Sterling’s fragility remains following an increased bout of risk aversion as there has been an escalation in the sanction on Russia following the latest atrocities. The UK PMI construction index was unchanged at a 9-month high. Cost pressures remained intense with input price costs increasing at the fastest rate for six months. Overall business optimism dipped to a 17-month low, matching the decline seen in both the manufacturing and services sectors.
The recent downgrades in confidence and forward-looking data will be a concern for the Bank of England (BoE) as this will add another layer of complexity to the bank’s ability to raise interest rates.
It is a quiet day in terms of economic data, but Sterling will continue to be driven by risk trends.

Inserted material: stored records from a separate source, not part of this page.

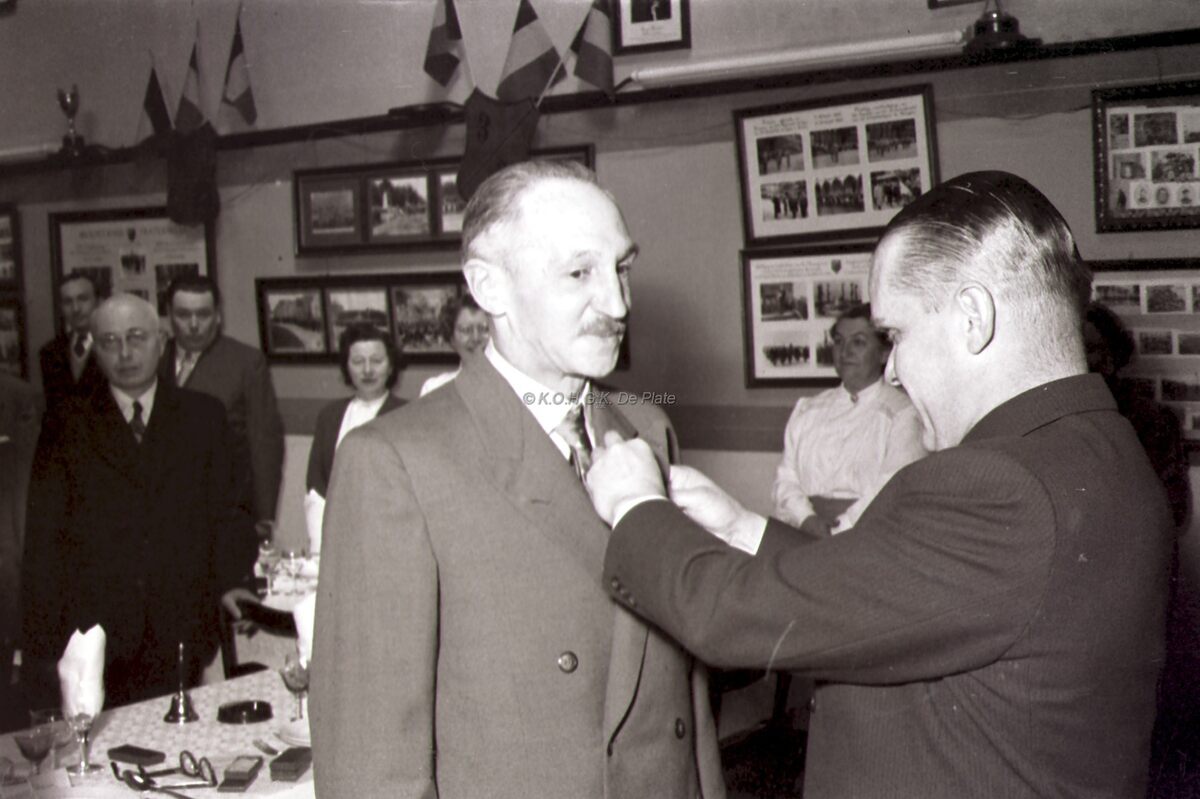 Burgemeester Adolf VAN GLABBEKE vereremerkt een oudstrijder tijdens een banket bij de oud onderofficieren.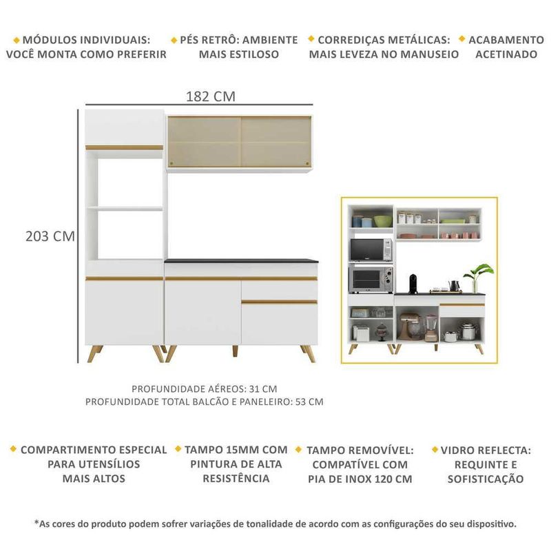 Casa e DecoraçãoMóveisCozinhasArmário de Cozinha Compacta 3 peças MP3695 Veneza GW Multimóveis Branca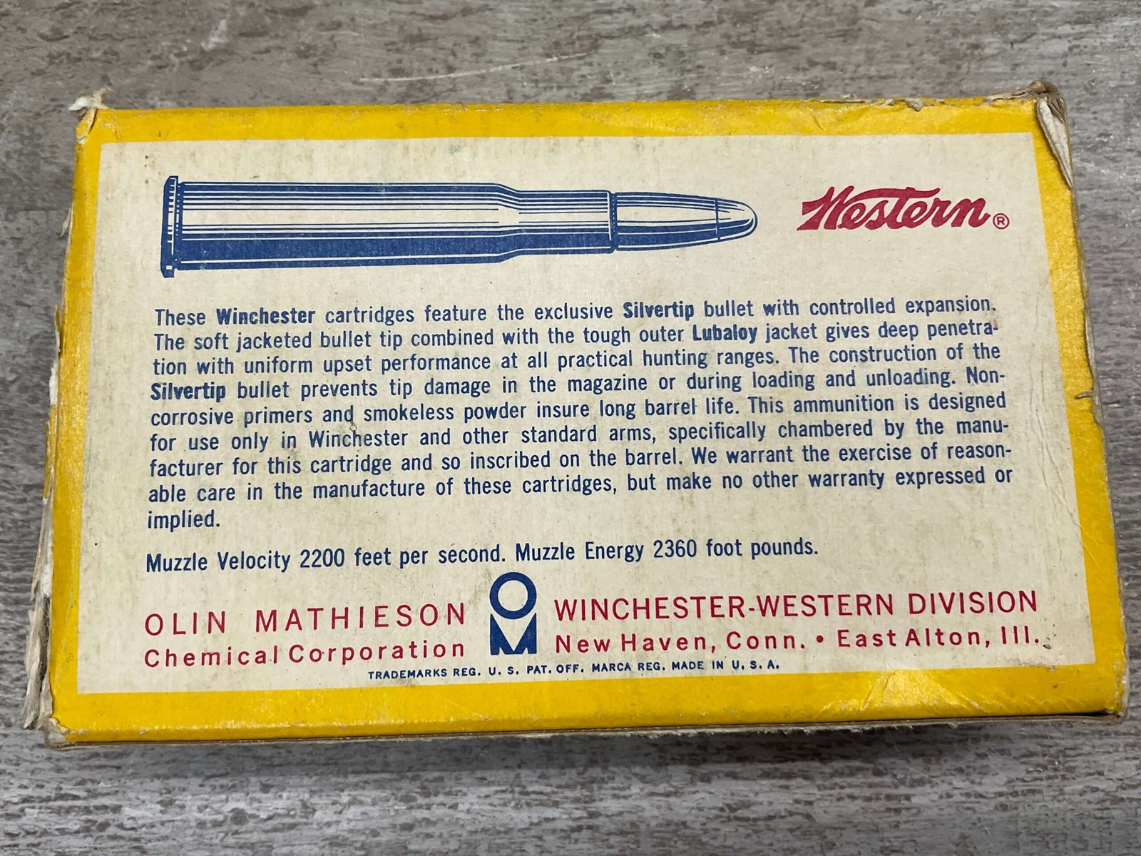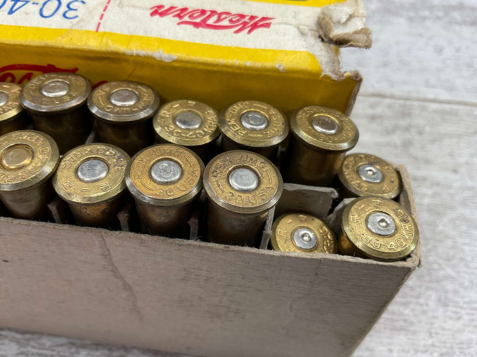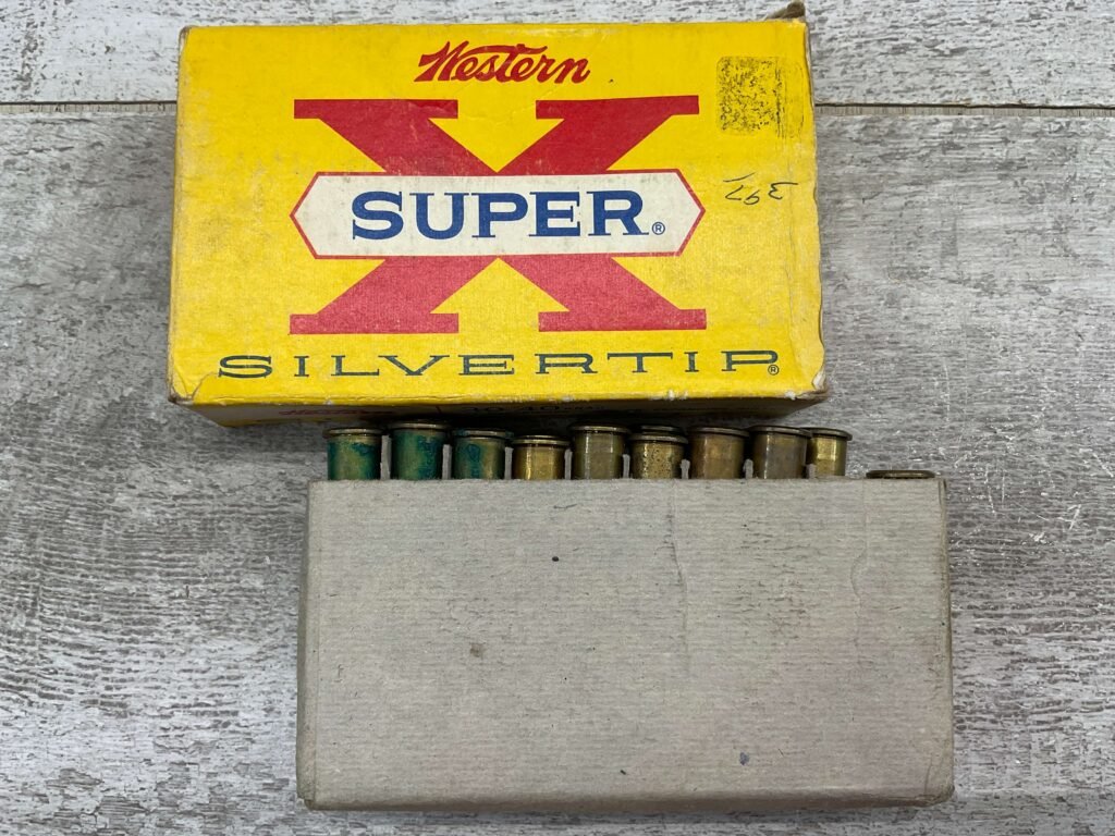 WESTERN SUPER X SILVERTIP 30-40 KRAG, 220 GR. EXPANDING BULLET, VINTAGE AMMO, #30404, 3 EMPTY SHELLS, 17 FULL. BOX IS IN GOOD CONDITION WITH SOME PEN WRITING ON FRONT “397” AND SMALL AMOUNTS OF RIPS EXPECTED FOR AGE.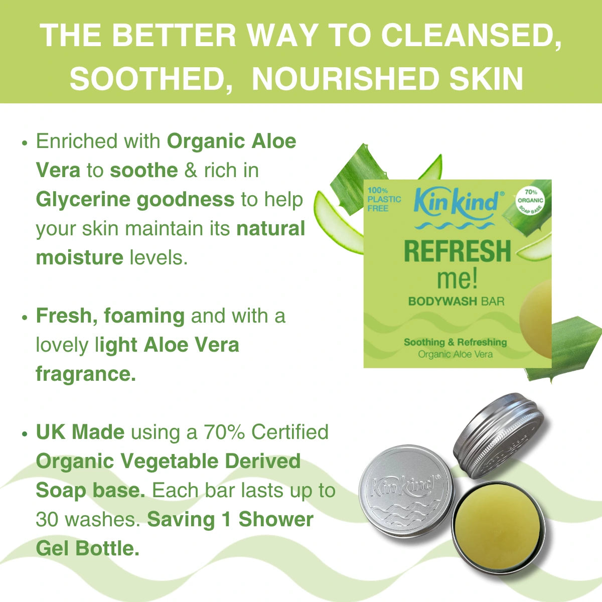 - REFRESH me! Aloe Vera enriched BodyWash bar: The perfect soothing complement to our haircare bars, this organic aloe vera enriched body wash bar refreshes and soothes while gently cleansing your body. Plus, it has a lovely fresh and light aloe vera fragrance.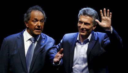 El candidato peronista critica por un eventual ajuste a Macri, favorito en las encuestas. Este ataca al kirchnerismo
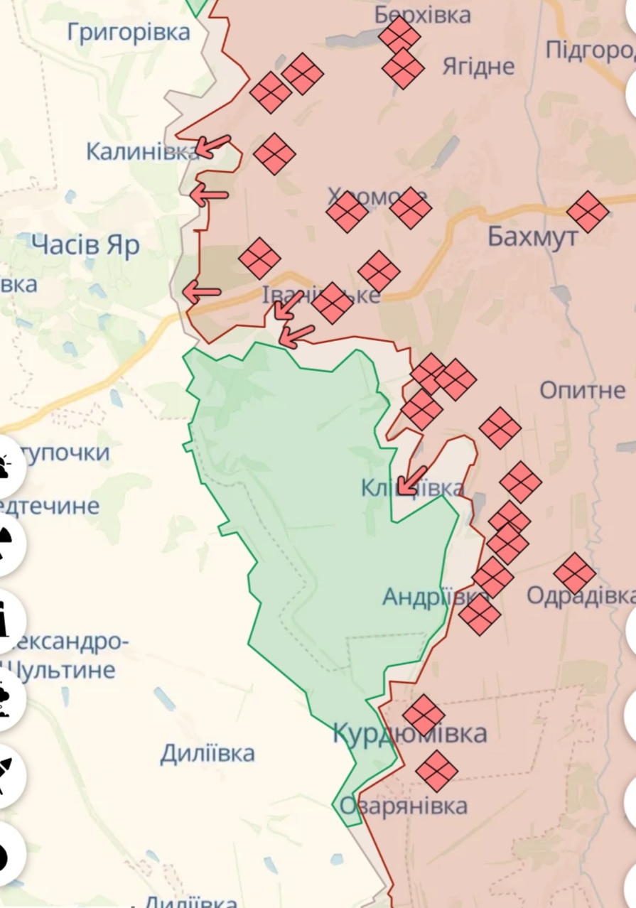 Раніше головнокомандувач ЗСУ Олександр Сирський повідомляв, що на підступах до міста Часів Яр та у районі Іванівського Донецької області тривають інтенсивні бойові дії.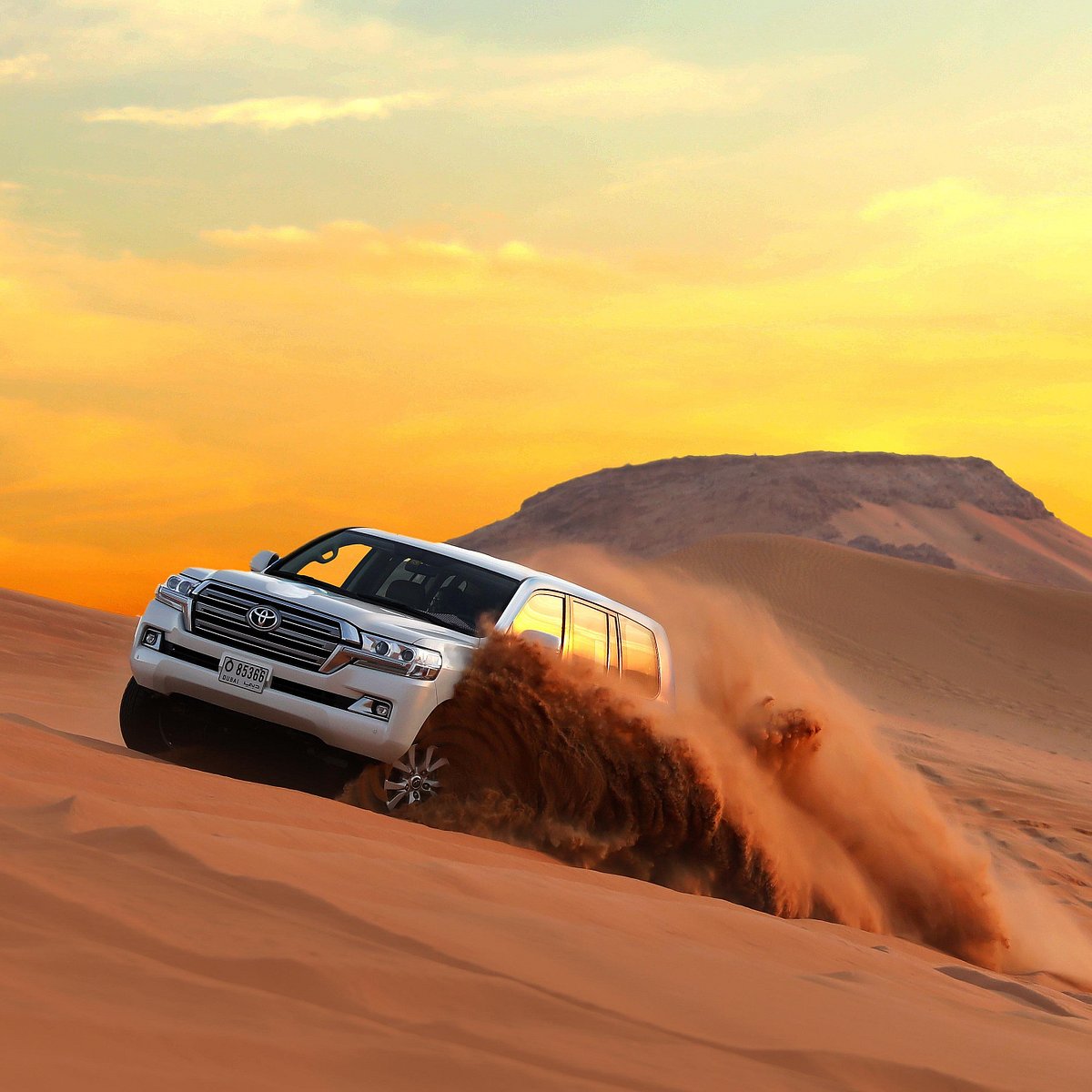 Your afternoon transitions into an unforgettable Arabian adventure. Venture into the golden sand dunes aboard a powerful 4x4 vehicle for thrilling dune bashing and sunset photography.

US Dollar Continues to Climb on Hawkish Minutes Report
The Dollar continued its recent climb on Wednesday following the release of the Fed’s Minutes report from the March meeting, reminding investors of the aggressive stance recently adopted by the Central bank. The report revealed that central bank Policymakers are determined to move the monetary policy to neutral expeditiously and that a move to a tighter policy could be warranted. The report also revealed that several officials would have preferred a 50-basis point hike at the March meeting, rather than the confirmed 25-basis point lift. Elsewhere on Wednesday, the Dollar continued to gain support as Philadelphia Fed President and Federal Open Market Committee (FOMC) member, Patrick Harker, commented that he would support methodically raising interest rates back to neutral, at around 2.5%. He also said that he doesn’t see high inflation going away any time soon and that high energy prices will be here for some time.
Markets will hear from several Fed officials on Thursday for further clues over the Fed’s timings of policy tightening and particularly for further clues over a 50-basis point hike in May. Elsewhere, weekly initial jobless claims data is set for release.
Euro Subdued on Dovish Comments
The Euro remained subdued during Wednesday’s trading and continued to test a fresh two-year low against the US Dollar. European Central Bank (ECB) Chief Economist Philip Lane commented that it is important not to overreact to the recent surge in inflation, triggered by supply chain issues and higher energy prices. He added that policymakers cannot respond to the current high inflation rates as its orientation is towards the medium-term and that officials will do whatever it takes to meet the central bank’s 2.0% inflation target.
Looking ahead to today, the focus will centre on the ECB meeting minutes. Money markets are currently pricing in a 55-basis point tightening of ECB tightening by year-end. On the economic calendar today, investors will review the release of the latest release of EU Retail Sales data.